==== DATASET CONTENT ====

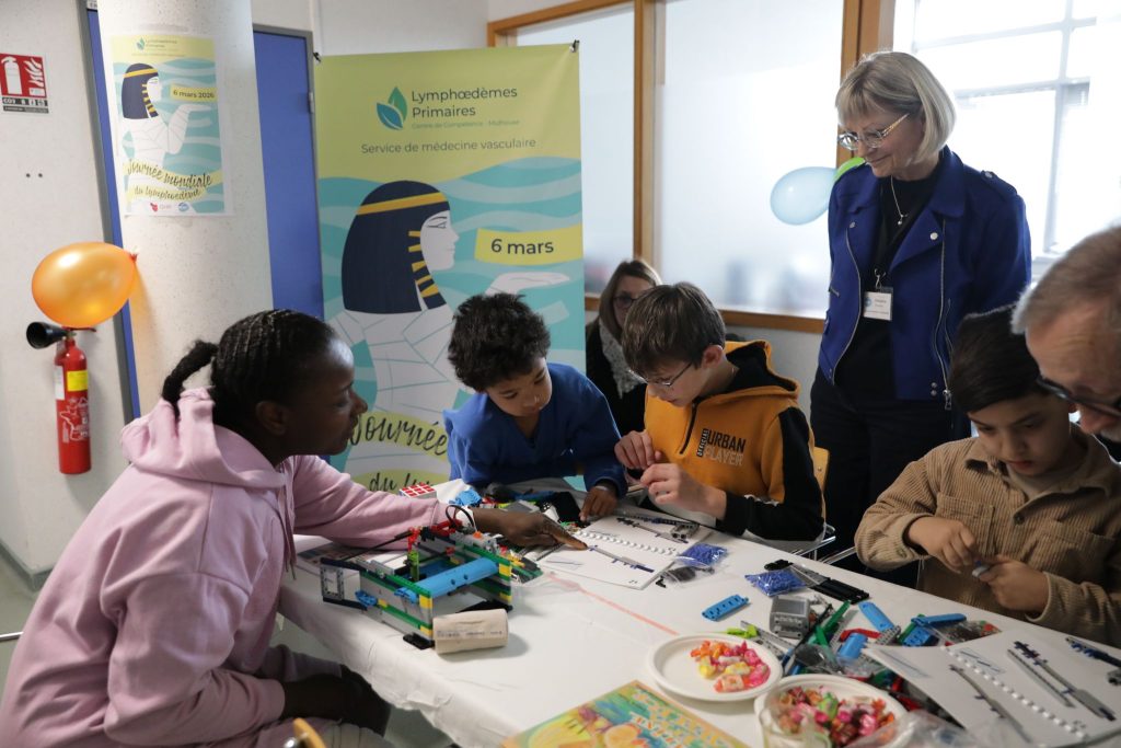Cette journée était surtout celle des enfants : quatre jeunes ont participé à un atelier de construction d’un enrouleur de bandes en LEGO. Imaginé par le papa d’une jeune patiente, cet outil permet d’enrouler automatiquement les bandes utilisées pour faire les bandages thérapeutiques. En plus d’être un outil pratique, il ajoute un côté ludique aux soins et permet d’impliquer les enfants dans leur prise en charge.
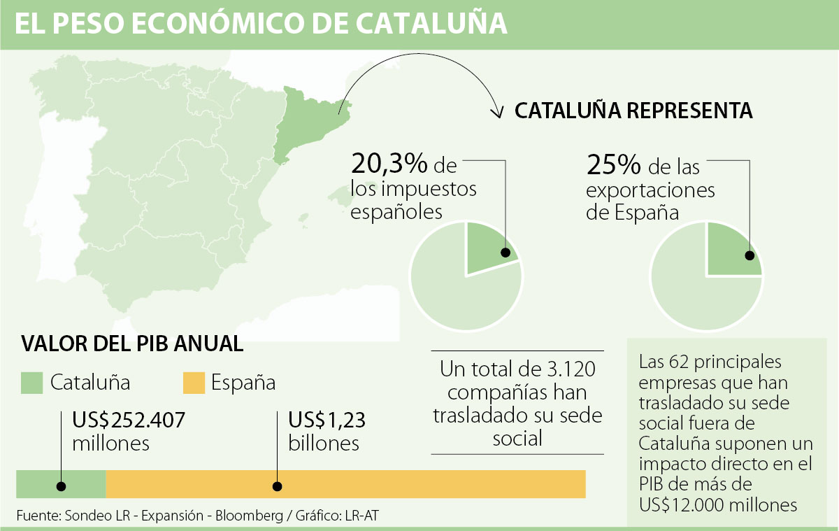Desde comienzo del año, la inversión productiva cayó 37% y en el trimestre previo al referendo de octubre disminuyó 75%. Este panorama se ha visto reforzado con el traslado de la sede social que han hecho 3.120 compañías desde que se declaró la independencia. Entre ellas, están las 62 principales empresas que, segú Expansión, representan un impacto directo al PIB de más de US$12.000 millones.
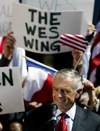 克拉克曾經(jīng)任職北約的司令官,現(xiàn)已退役,他在本周三宣布參選,不諱言需要金錢(qián)資助。他說(shuō):“這里是美國(guó),有錢(qián)好辦事,我需要你們的支持。”
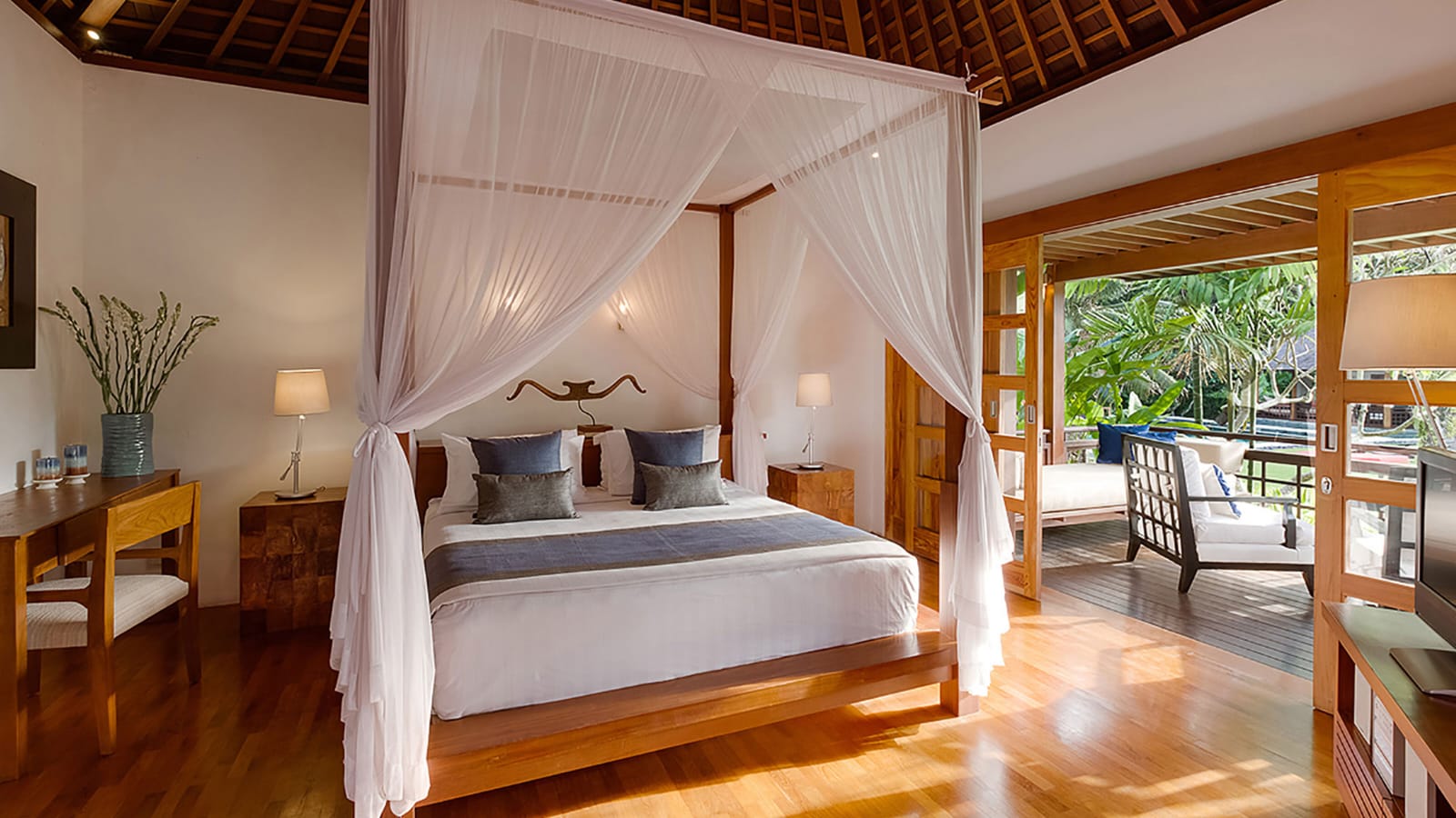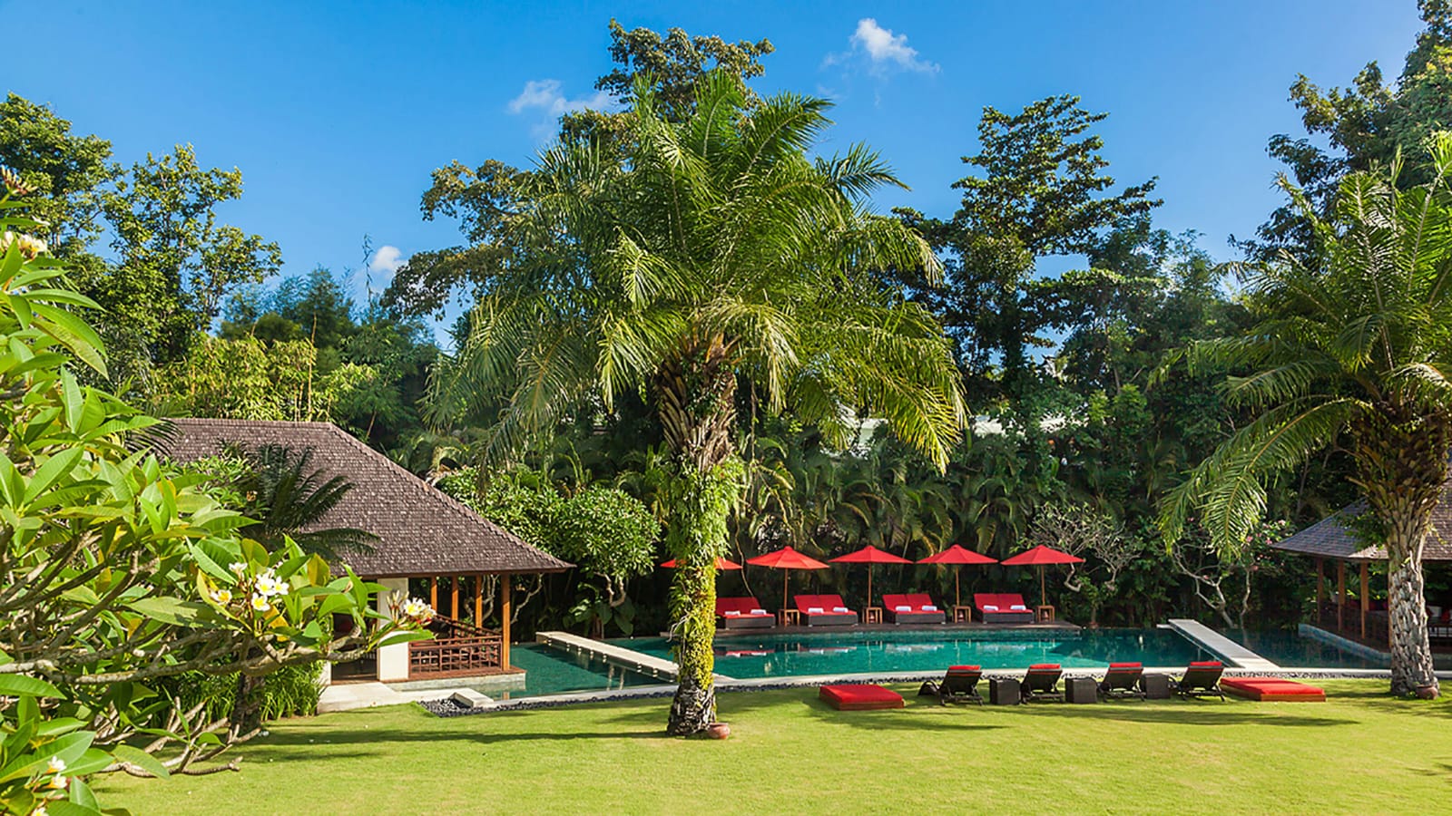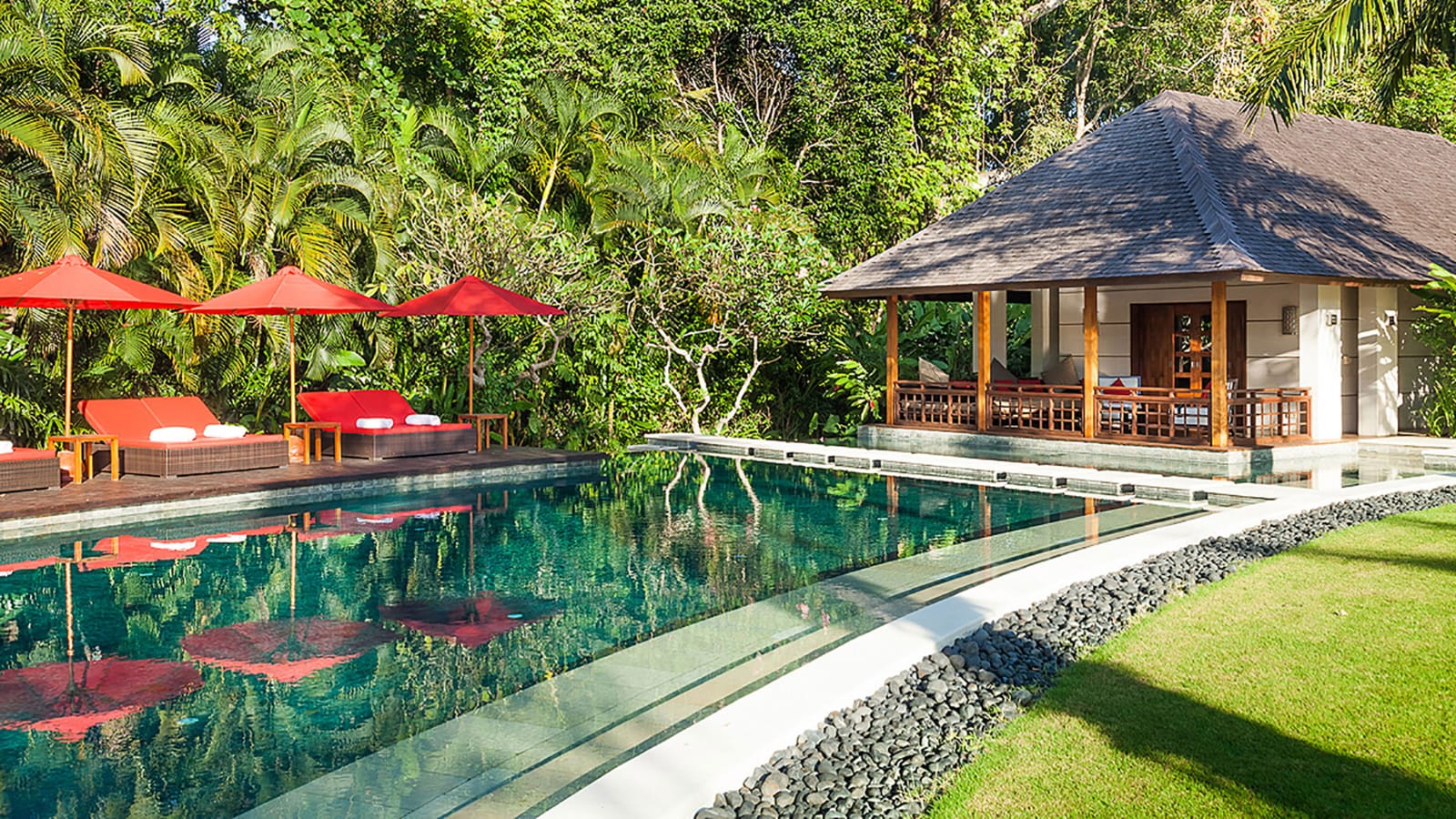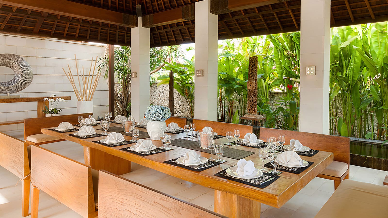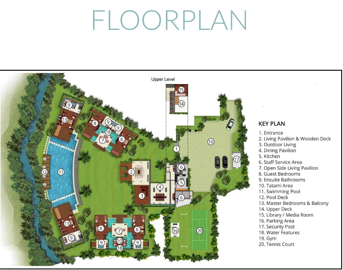 Two open-sided lounges separating the guest bedrooms pavilions — one with a Japanese-style massage area; terrace lounge
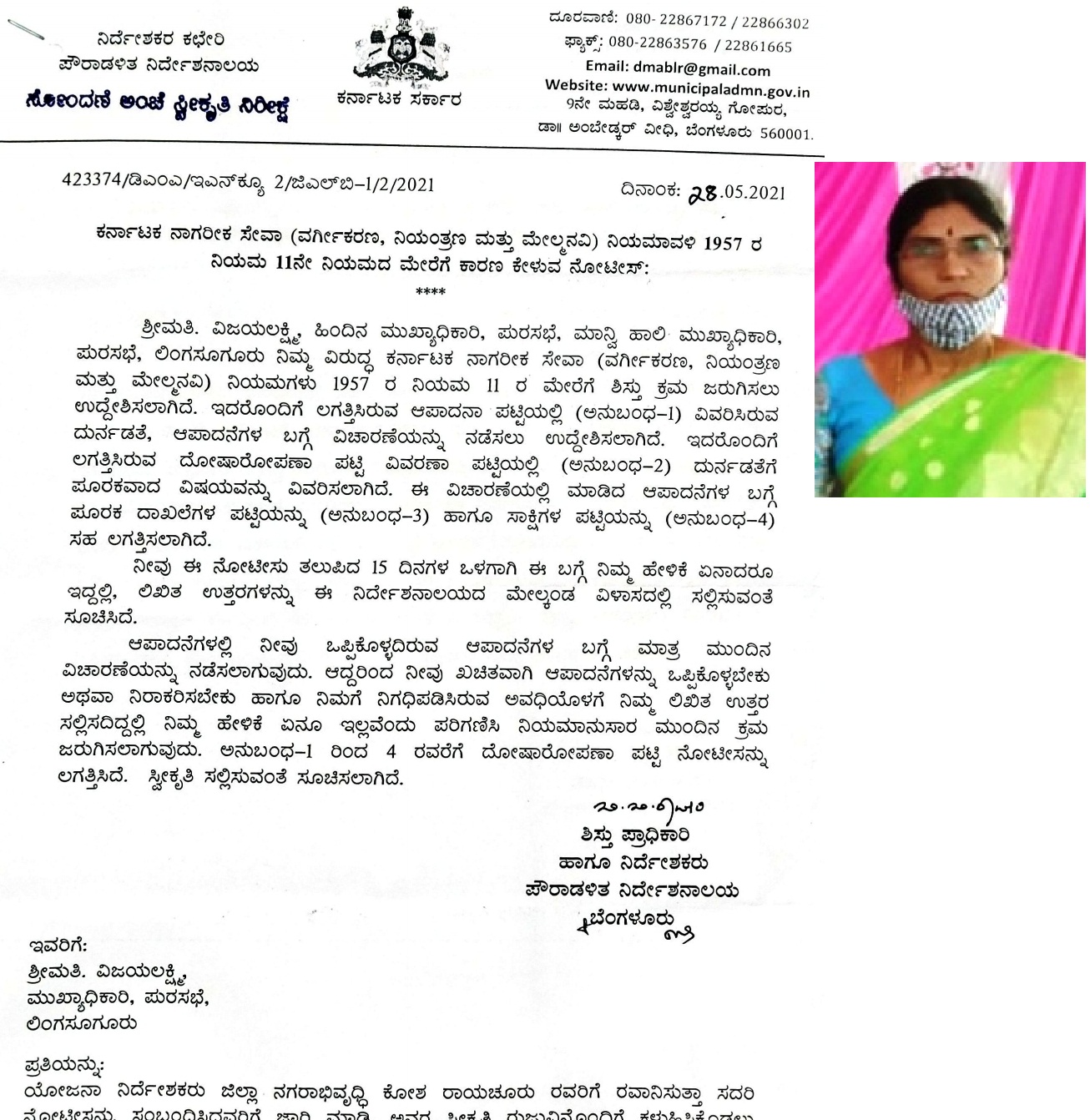 ಲಿಂಗಸುಗೂರು ಪುರಸಭೆಗೆ ಇವರು ಬರುವುದಕ್ಕೂ ಮುನ್ನ ಮಾನ್ವಿ ಪುರಸಭೆ ಮುಖ್ಯಾಧಿಕಾರಿಯಾಗಿದ್ದರು. ಮಾನ್ವಿ ತಾಲೂಕಿನ ಬಾಪೂರು ಗ್ರಾಮದ ಸ.ನಂ. 107/8/6ರಲ್ಲಿ 5.5 ಎಕರೆ ಜಮೀನು ಜಿಲ್ಲಾಧಿಕಾರಿಗಳಿಂದ ಭೂ ಪರಿವರ್ತನೆ ಆದೇಶವಾಗಿತ್ತು. ನಗರ ಯೋಜನಾ ಪ್ರಾಧಿಕಾರ ಮಾನ್ವಿಯವರು 81 ನಿವೇಶನಗಳನ್ನು ಮಂಜೂರು ಮಾಡಿ, ಶೇ.40ರಷ್ಟು ನಿವೇಶನಗಳನ್ನು ಬಿಡುಗಡೆ ಮಾಡಿದ್ದರು. ಆದರೆ, ಮುಖ್ಯಾಧಿಕಾರಿ ವಿಜಯಲಕ್ಷ್ಮಿಯವರು ಶೇ.100ರಷ್ಟು ನಿವೇಶನಗಳನ್ನು ಬಿಡುಗಡೆ ಮಾಡಿ ಸರಕಾರಕ್ಕೆ ಆರ್ಥಿಕ ನಷ್ಟವನ್ನುಂಟುಮಾಡಿದ್ದಾರೆ. ಅಲ್ಲದೇ, ಕೆಲಸದ ಅವಧಿಯಲ್ಲಿ ಸಾರ್ವಜನಿಕರೊಂದಿಗೆ ದುರ್ನಡತೆಯಿಂದ ವರ್ತಿಸುತ್ತಿದ್ದಾರೆಂದು ಸಾಕ್ಷಿ ಸಮೇತ ದೂರು ಬಂದ ಹಿನ್ನೆಲೆಯಲ್ಲಿ ಕಾರಣ ಕೇಳಿ ನೋಟೀಸ್ ನೀಡಲಾಗಿದೆ. ಬರುವ 15 ದಿನಗಳೊಳಗೆ ಲಿಖಿತವಾಗಿ ಉತ್ತರ ನೀಡಬೇಕೆಂದು ಮೇ 28ರಂದು ನೀಡಿದ್ದ ನೋಟೀಸ್ನಲ್ಲಿ ಎಚ್ಚರಿಸಿದ್ದಾರೆ.

====

## TASK STATEMENT
Will you restate every entry word for word and omit the images?

## RESPONSE AREA
Cette journée était surtout celle des enfants : quatre jeunes ont participé à un atelier de construction d’un enrouleur de bandes en LEGO. Imaginé par le papa d’une jeune patiente, cet outil permet d’enrouler automatiquement les bandes utilisées pour faire les bandages thérapeutiques. En plus d’être un outil pratique, il ajoute un côté ludique aux soins et permet d’impliquer les enfants dans leur prise en charge.
Desde comienzo del año, la inversión productiva cayó 37% y en el trimestre previo al referendo de octubre disminuyó 75%. Este panorama se ha visto reforzado con el traslado de la sede social que han hecho 3.120 compañías desde que se declaró la independencia. Entre ellas, están las 62 principales empresas que, segú Expansión, representan un impacto directo al PIB de más de US$12.000 millones.
 克拉克曾經(jīng)任職北約的司令官,現(xiàn)已退役,他在本周三宣布參選,不諱言需要金錢(qián)資助。他說(shuō):“這里是美國(guó),有錢(qián)好辦事,我需要你們的支持。”
 Two open-sided lounges separating the guest bedrooms pavilions — one with a Japanese-style massage area; terrace lounge
 ಲಿಂಗಸುಗೂರು ಪುರಸಭೆಗೆ ಇವರು ಬರುವುದಕ್ಕೂ ಮುನ್ನ ಮಾನ್ವಿ ಪುರಸಭೆ ಮುಖ್ಯಾಧಿಕಾರಿಯಾಗಿದ್ದರು. ಮಾನ್ವಿ ತಾಲೂಕಿನ ಬಾಪೂರು ಗ್ರಾಮದ ಸ.ನಂ. 107/8/6ರಲ್ಲಿ 5.5 ಎಕರೆ ಜಮೀನು ಜಿಲ್ಲಾಧಿಕಾರಿಗಳಿಂದ ಭೂ ಪರಿವರ್ತನೆ ಆದೇಶವಾಗಿತ್ತು. ನಗರ ಯೋಜನಾ ಪ್ರಾಧಿಕಾರ ಮಾನ್ವಿಯವರು 81 ನಿವೇಶನಗಳನ್ನು ಮಂಜೂರು ಮಾಡಿ, ಶೇ.40ರಷ್ಟು ನಿವೇಶನಗಳನ್ನು ಬಿಡುಗಡೆ ಮಾಡಿದ್ದರು. ಆದರೆ, ಮುಖ್ಯಾಧಿಕಾರಿ ವಿಜಯಲಕ್ಷ್ಮಿಯವರು ಶೇ.100ರಷ್ಟು ನಿವೇಶನಗಳನ್ನು ಬಿಡುಗಡೆ ಮಾಡಿ ಸರಕಾರಕ್ಕೆ ಆರ್ಥಿಕ ನಷ್ಟವನ್ನುಂಟುಮಾಡಿದ್ದಾರೆ. ಅಲ್ಲದೇ, ಕೆಲಸದ ಅವಧಿಯಲ್ಲಿ ಸಾರ್ವಜನಿಕರೊಂದಿಗೆ ದುರ್ನಡತೆಯಿಂದ ವರ್ತಿಸುತ್ತಿದ್ದಾರೆಂದು ಸಾಕ್ಷಿ ಸಮೇತ ದೂರು ಬಂದ ಹಿನ್ನೆಲೆಯಲ್ಲಿ ಕಾರಣ ಕೇಳಿ ನೋಟೀಸ್ ನೀಡಲಾಗಿದೆ. ಬರುವ 15 ದಿನಗಳೊಳಗೆ ಲಿಖಿತವಾಗಿ ಉತ್ತರ ನೀಡಬೇಕೆಂದು ಮೇ 28ರಂದು ನೀಡಿದ್ದ ನೋಟೀಸ್ನಲ್ಲಿ ಎಚ್ಚರಿಸಿದ್ದಾರೆ.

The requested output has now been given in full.